Thorpe studied at the Society of Arts and worked for a short while at the Illustrated Sydney News. He learned the craft of woodblock engraving as an apprentice on John Fairfax’s Sydney Mail from 1891.
He was a member of the (Sydney) Society of Artists. During this time he contributed illustrations to several books, published a children’s colouring book and a chapter in a book on interior design. His work appeared in magazines around the world.
In 1898 he had several paintings in the Grafton Galleries’ Exhibition of Australian Art in London, and in the early 1900s left for England. Here he attended Heatherley’s School of Art and developed a distinctive style of coloured woodcut prints.
His woodblock prints were created using different blocks for each colour. A Country Bunch was possibly the largest woodblock colour art print published (at that time – early 1920s).
He did the engraving, printing and publishing from his studio at 36 Redcliffe Square, and gallery at 32 Sussex Place, South Kensington.
Most of his woodblock prints are not numbered in order to not limit the number he could produce.
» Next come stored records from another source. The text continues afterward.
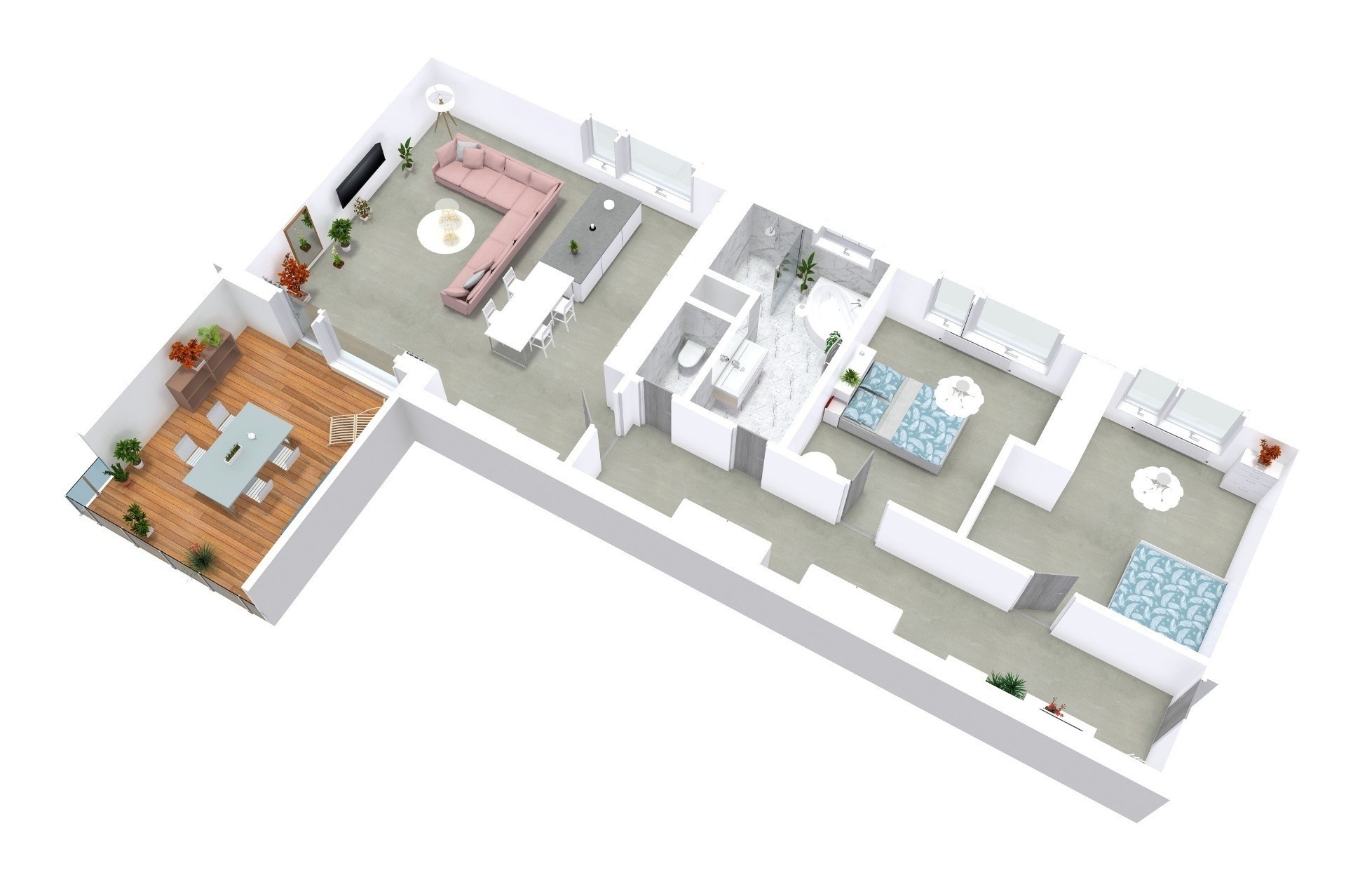 Mám pro vás exkluzivní byt 3kk o velikosti 101 m2, s terasou 16,5 m2, včetně krytého parkovacího stání pro jeden automobil. Tento byt je zařízený ve vysokém standardu – např. jenom koupelna má zlacené baterie, vířivou vanu, ale i sprchový kout. V bytě vás dále rozhodně nadchne, stejně jako mě, velkorysý obývací pokoj s kuchyňským koutem.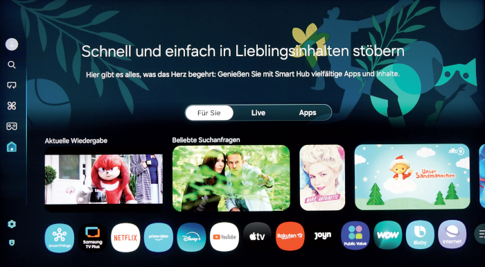 Praktisch: „Daily Board“ zeigt bei Bedarf hilfreiche Informationen etwa zum Wetter und Widgets auf dem Display an, sobald man den Raum betritt. Beim Verlassen des Zimmers schaltet sich der Bildschirm ab. Diese Funktion steht ebenfalls über die Sprachsteuerung (Alexa und Bixby) bereit. Einen frischen Anstrich hat die „SmartThings“-App bekommen – hierüber kann man auch auf die Kunstwerke zugreifen, den Flachmann steuern, das Smartphone als virtuelles Gamepad verwenden und Apps starten. Von denen hat der Samsung jede Menge an Bord. Wer gerne streamt, freut sich mitunter über HD+, WOW, Joyn, Apple TV+, Disney+, Netflix, Amazon Prime Video und RTL+.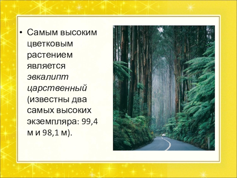 Слайд 12Самым высоким цветковым растением является эвкалипт царственный (известны два самых высоких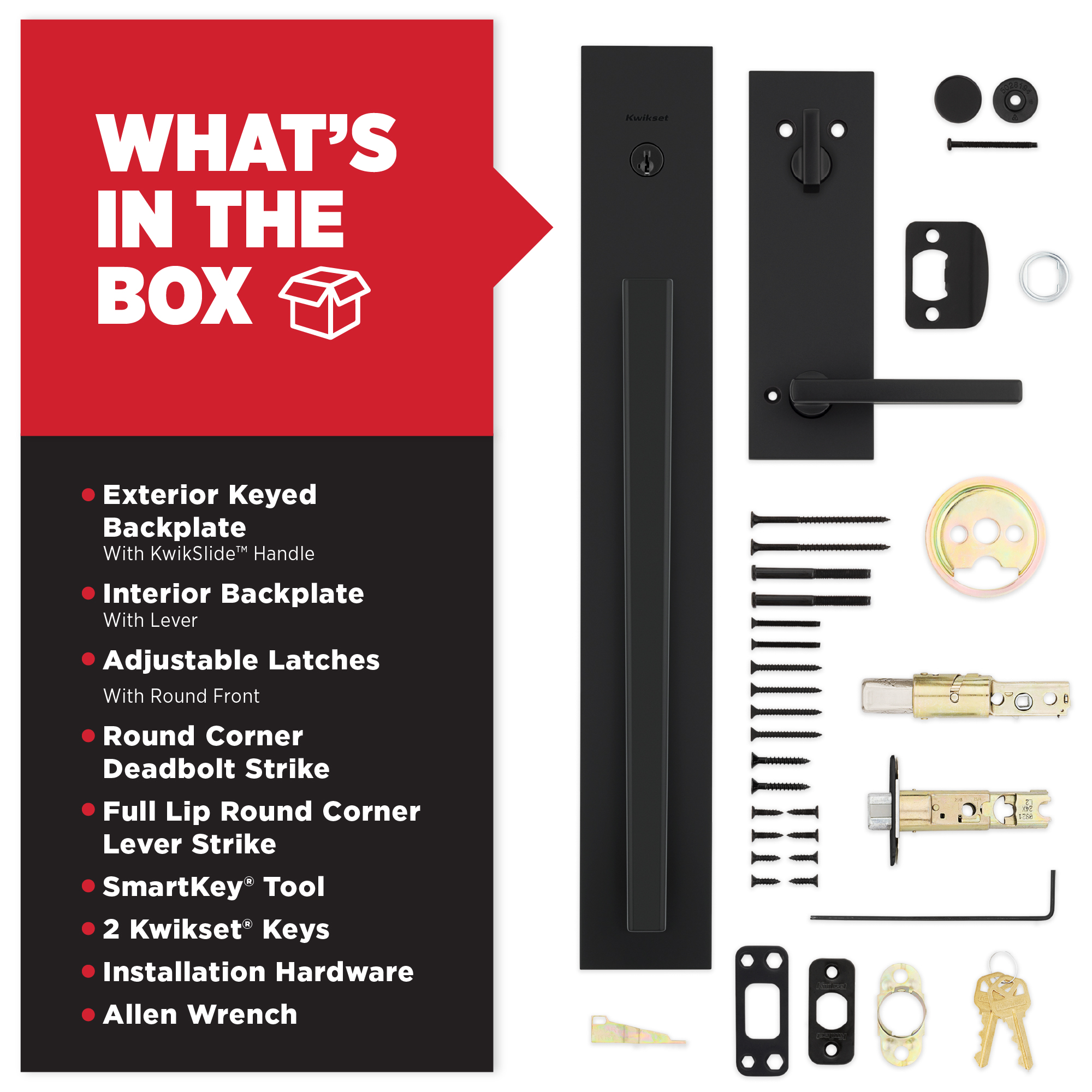 - Box Includes: Exterior keyed backplate with KwikSlide handle, interior backplate with lever, Adjustable Latches, strikes, SmartKey tool, 2 Kwikset keys, installation hardware and Allen wrench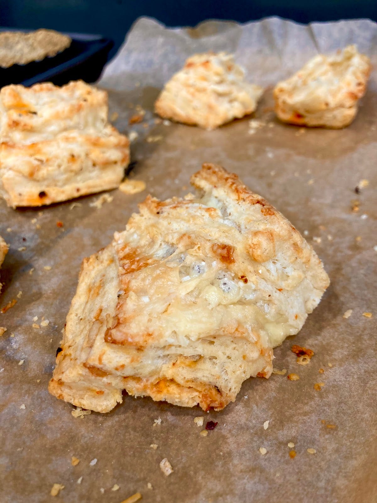 For the cheese, I decided on a two-pronged approach – ultra mature cheddar and parmesan. That being said, any cheese would work well here, so long as you watch the hydration AND be aware of the salt content – nothing too gooey too early, and if you go ultra salty then watch how much flaky salt you add! The first time I made the scones, they simply weren’t cheesy enough which was totally not appropriate. A cheese scone really ought to make an impression on the palate! So, I upped it to a rather more generous 50% of flour weight. Much better.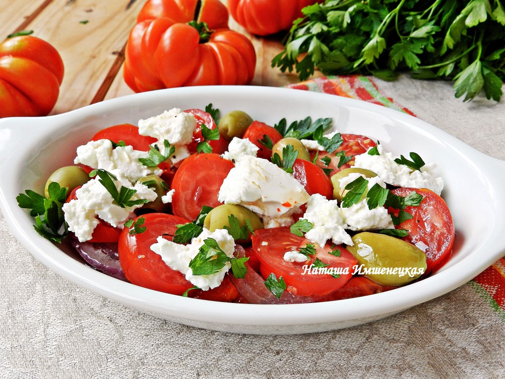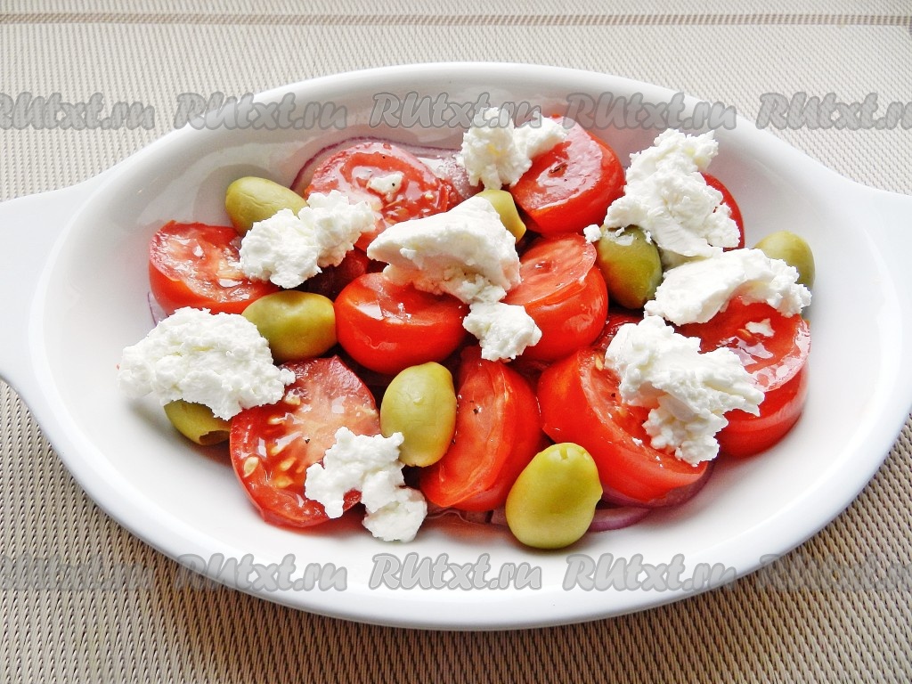 Добавить оливки и сыр, еще немного полить ароматным маслом. Добавить свежую зелень и подавать.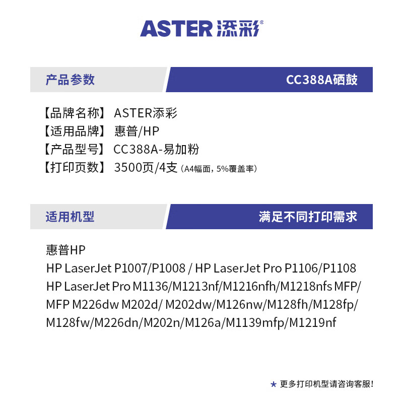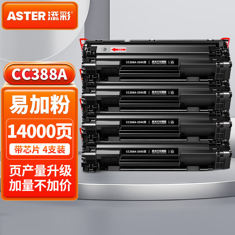 添彩88a硒鼓4支装 适用惠普m1136 CC388a硒鼓M128fw M226dw M202n M1139mfp M1219nf m126a打印机墨盒价格:158.00元!

They were sold widely in England, the USA and France.
During the 1920s and 30s, Thorpe became a household name in the field of home decoration, and his work was a strong influence on fashions in wallpaper design. He was interested in creating affordable art and design that could be enjoyed by working class families in their homes.
His work is held in the collections of the Contemporary Art Society, British Royalty and the Victoria and Albert Museum, as well as the National Gallery of Australia and the Art Gallery of New South Wales.